# Dive Report: 12/3 Antares and Avocet lionfish fest



## WhackUmStackUm (Jan 31, 2010)

Headed out with captain Andy Ross and dive master Taylor Wachtel to the Antares and Avocet on Tuesday. Seas were 3-4’ most of the day. Water was clear down to about 80’, and 40’ of vis on the wrecks. Water temp was in the low 70s and there was no current to speak of. We shot about 40 lionfish on the Antares. Spotted a number of legal but small gray snapper, plenty of red snapper and small amberjack. One diver reported seeing a large grouper. It could have been the goliath grouper that has been spotted there by others, but he was unsure of the grouper species. The Avocet had many lionfish on it. We shot 120 lionfish there and estimated that there was another 50-100 left on the wreck. I spotted a batfish, 6’ sandbar shark and two sea turtles.
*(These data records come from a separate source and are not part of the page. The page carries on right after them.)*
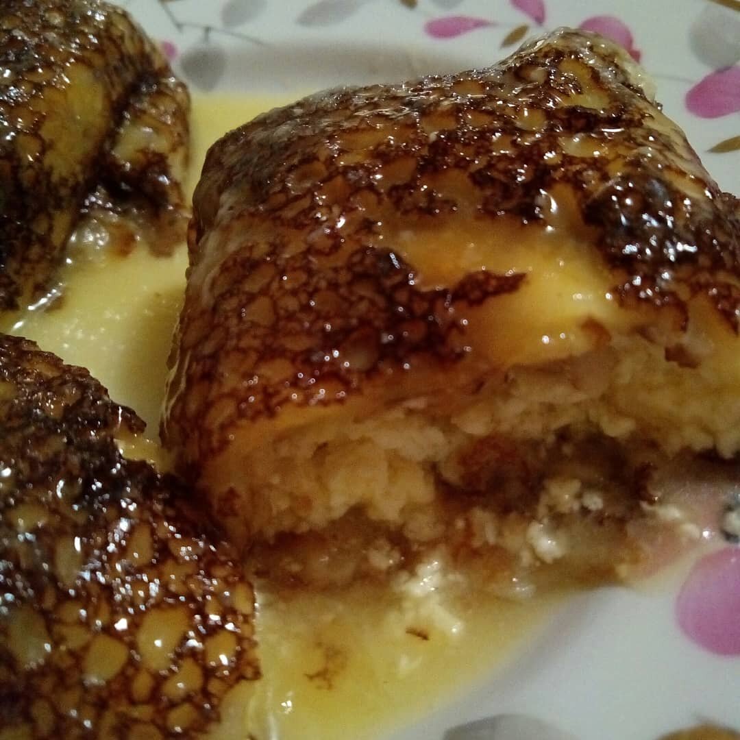 В общем, печём блины по вашему любимому рецепту. Делаем начинку из творога, сахара и 1 яйца. Начиняем блины.
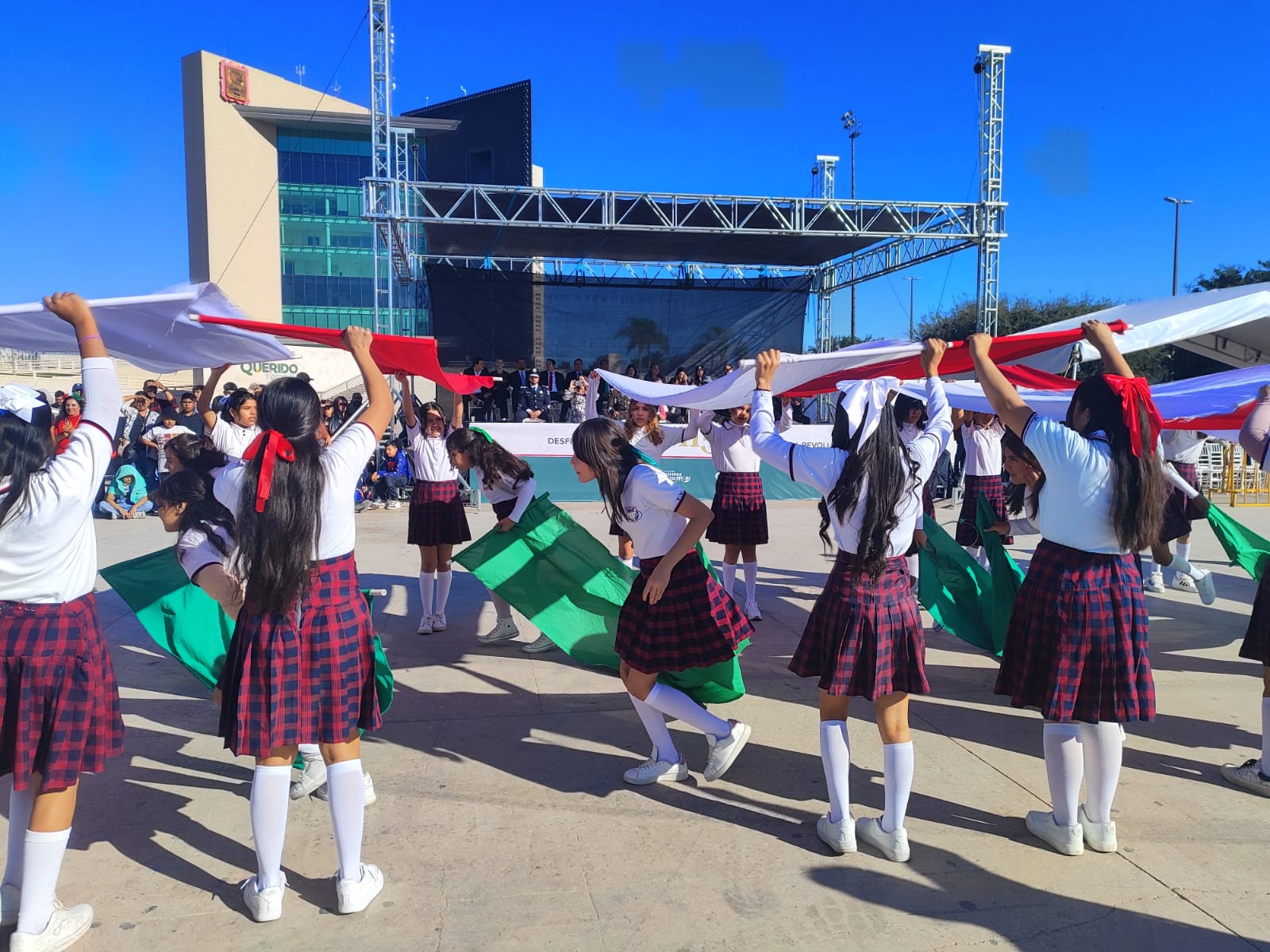En Torreón, el desfile arrancó con elementos de la Dirección de Tránsito y Vialidad, quienes encabezaron el recorrido antes de dar paso a más de 4 mil participantes. Niñas, niños, deportistas, contingentes escolares y agrupaciones sociales avanzaron entre aplausos, muchos de ellos portando la bandera nacional o vistiendo los colores patrios.
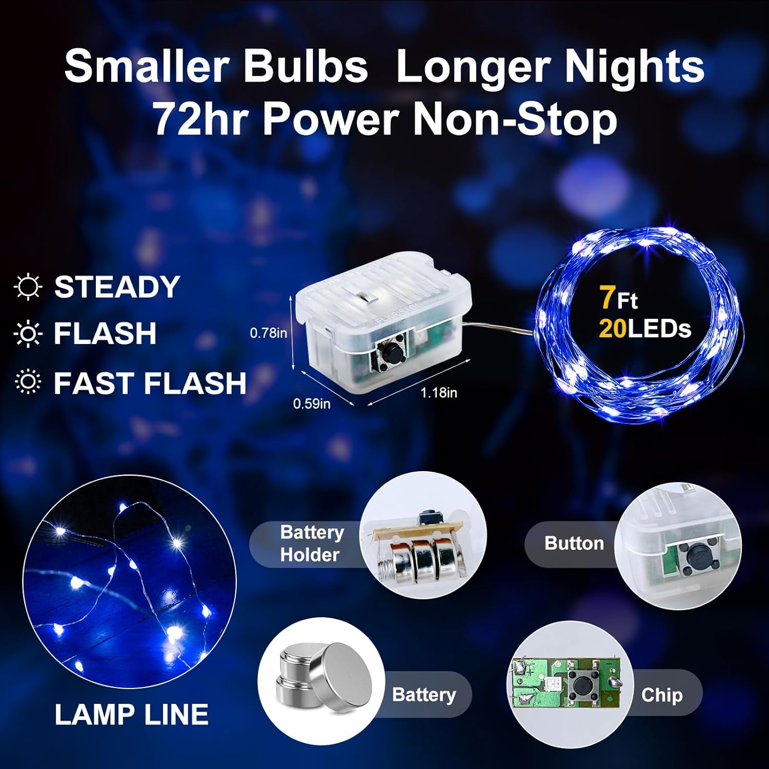 Aogist 12 Pack Fairy Lights 3 Modes 7ft 20 LED Waterproof,Battery Operated Silver Wire Firefly Starry Moon Mini String Lights for Mason Jars Christmas DIY Crafts Wedding Party Bedroom,Blue
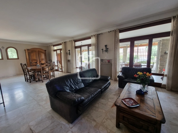 - Au1er étage, un très grand salon/séjour sur terrasse véranda équipée d'une cuisine d'été, une belle cuisine équipée sur loggia et une suite avec salle d'eau, un wc/lave-mains.
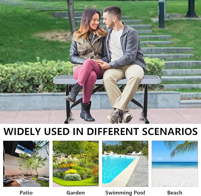 • Features: Available in different specifications, the spacious space can accommodate multiple people to sit comfortably together. The portable heavy-duty steel bench can be adapted to all seasons, suitable for different weather and occasions.
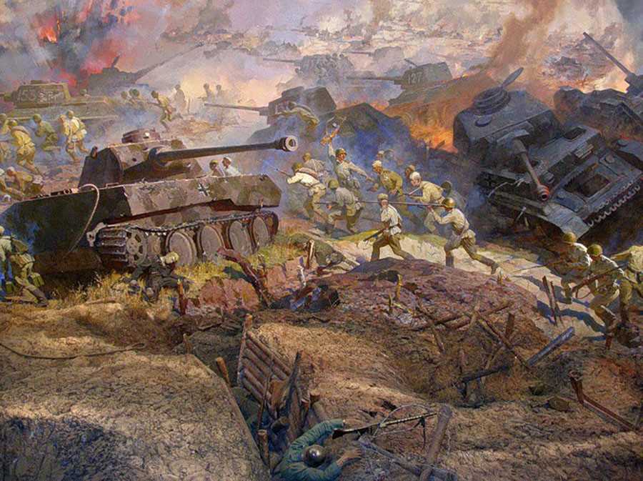 Самым масштабным танковым сражением за всю историю Второй мировой является Курская битва. В бою участвовали порядка 8 000 танков, территория битвы составляла 150х200 км., большую часть которой ранее занимали плодородные поля. Окружение и захват полумиллиона советских солдат в районе города Курск, было последним шансом переломить ход войны для немецкого командования. Обширная операция готовилась три месяца, под Курск стекались крупные силы фашистской армии: 780 тыс. человек, 10 000 орудий, 2 500 танков.
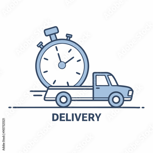 Obraz premium Blue Stopwatch on Truck with Speed Lines and Delivery Text Design
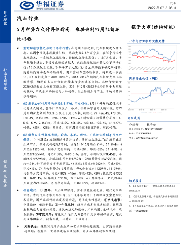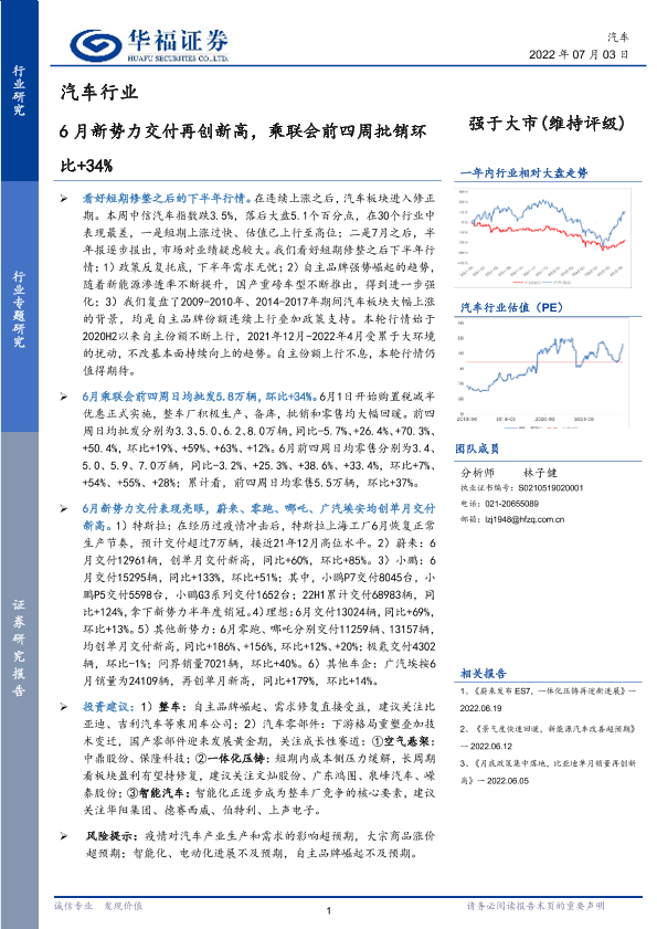 【华福证券】【20220703】汽车行业:6月新势力交付再创新高,乘联会前四周批销环比+34%-9页

Got some good video of a turtle scraping its shell against the bottom of the hull to clean off barnacles. Although it took about 10 minutes of scraping and maneuvering, it left with a 90% clean shell. I’ve never seen a shipwreck-sized luffa sponge before! 

All-in-all it was a great day of diving. I can highly recommend the Niuhi dive boat, Capt. Andy and Taylor.

Whackum


----------



## Snagged Line (Sep 30, 2007)

That is a cooler full ya got there...What condition is the Avocet in?? I haven't seen it in about twenty years...


----------



## coolbluestreak (Jun 27, 2011)

Looks like a fun, Anna(sp?) should be full of ceviche after a day like that.


----------



## WhackUmStackUm (Jan 31, 2010)

Snagged Line said:


> That is a cooler full ya got there...What condition is the Avocet in?? I haven't seen it in about twenty years...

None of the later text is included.